Within four days of changing her epilepsy medication she started to experience “strange symptoms”.
She attended a Sydney Hospital with stomach pains, which were diagnosed as a gastro bug.
The next day she woke with sore, red eyes and thought she was suffering the early stages of conjunctivitis.
The following morning her lips had started to puff and she had ulcers in her mouth.
She returned to the hospital, where doctors diagnosed herpes and told her to return the next day for a blood test to confirm it.
Sitting in the waiting room, she noticed a small red rash on her chest.
Panicking, she rang her mother Carmen, who told her to go back into the hospital.
She was given three antihistamines and sent home.
“By the next morning I couldn’t open my eyes, they were stuck together.
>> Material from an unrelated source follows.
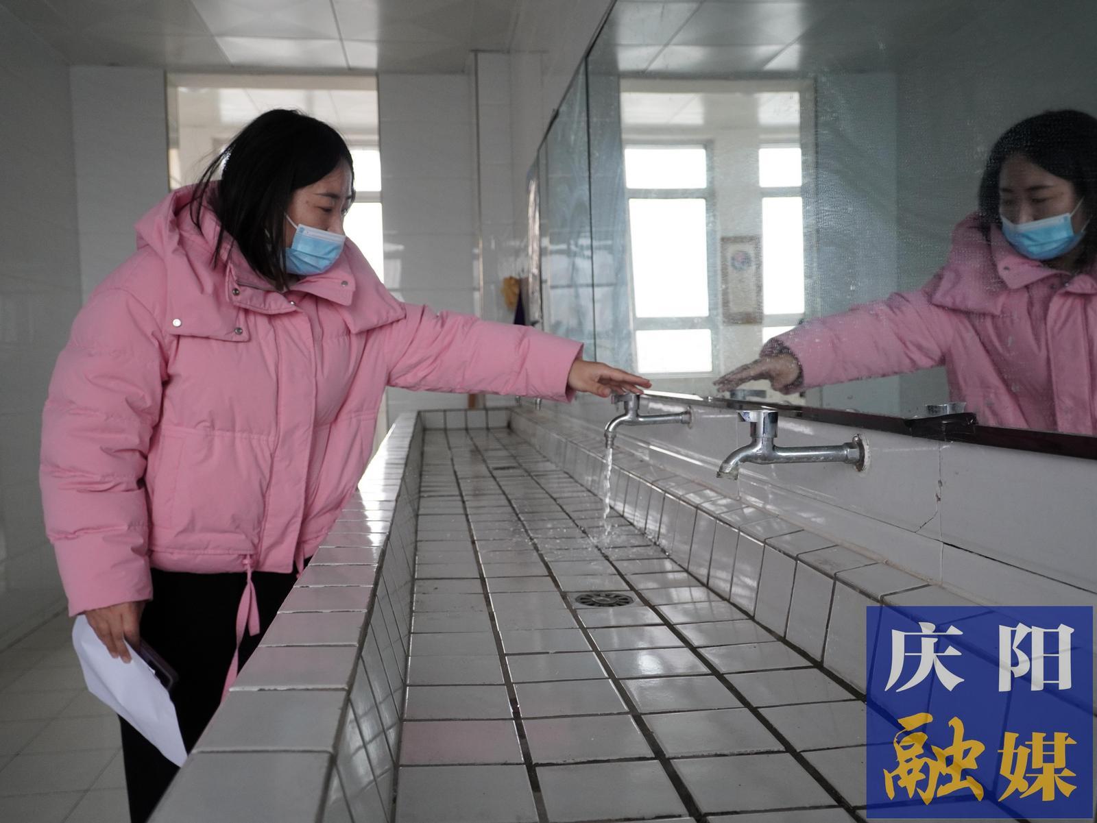 北師大慶陽(yáng)實(shí)驗(yàn)學(xué)校老師和物業(yè)工作人員檢查水龍頭

The rash had spread,” she said.
She again rang her mother, who made the trip to Sydney and brought her back to Shoalhaven Hospital.
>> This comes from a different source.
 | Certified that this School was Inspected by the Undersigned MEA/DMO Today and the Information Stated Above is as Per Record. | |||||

There, doctors made a variety of diagnoses including foot and mouth, chicken pox and measles.
The illness was eventually diagnosed as Stevens-Johnson Syndrome and she was again sent home.
Having trouble breathing and sipping water, she returned to hospital the next day.
“I kept saying I wasn’t feeling right and felt like I was having a reaction to the new medication,” Danika said.
“Thankfully a doctor from ICU was in emergency and saw her and he diagnosed it as toxic epidermal necrolysis [TEN],” Ms Heron said.
TEN is a more severe form of Stevens–Johnson syndrome, with the incidence between 0.4 and 1.3 cases per million each year, where the top layer of skin (the epidermis) detaches from the lower layers of the skin (the dermis) all over the body.
She was transferred by ambulance to Concord Hospital and eventually treated like a burns victim.
“She was placed on an IV of immunoglobulin plasma for two days to try to flush the reaction out of her system, given heavy duty painkillers and wrapped in burns dressings,” her mother said.
“It is like the body being burnt from the inside out.
“It attacks the mucus membranes. She had ulcers and skin peeling everywhere.
“Her lips were full of blisters and ulcers. The rash was all over her. The nurses said it was one of the worse cases they had seen in 13 years.”
Her condition deteriorated and she was placed on a feeding tube with high nutrient mix to help her fight the reaction.
“There is no cure – the victims have to fight it themselves,” Ms Heron said.
“The death rate is something like 45 per cent and there was one day when we said our goodbyes – it was the worse day of my life.
“Danika was lucky she was young, fit and healthy.”
She spent three weeks in hospital and while she is now home will remain off work for at least another month.
She still suffers side effects, including joint pain, pigmentation changes to her arms and parts of her face and there is still a chance the damage to her eyes may eventually make her go blind.
“I suppose the message I want to get out is if you think something isn’t right, insist something is done,” Danika said.
“You know your body best.
“Who would have thought from one little tablet I could encounter two life-threatening diseases?”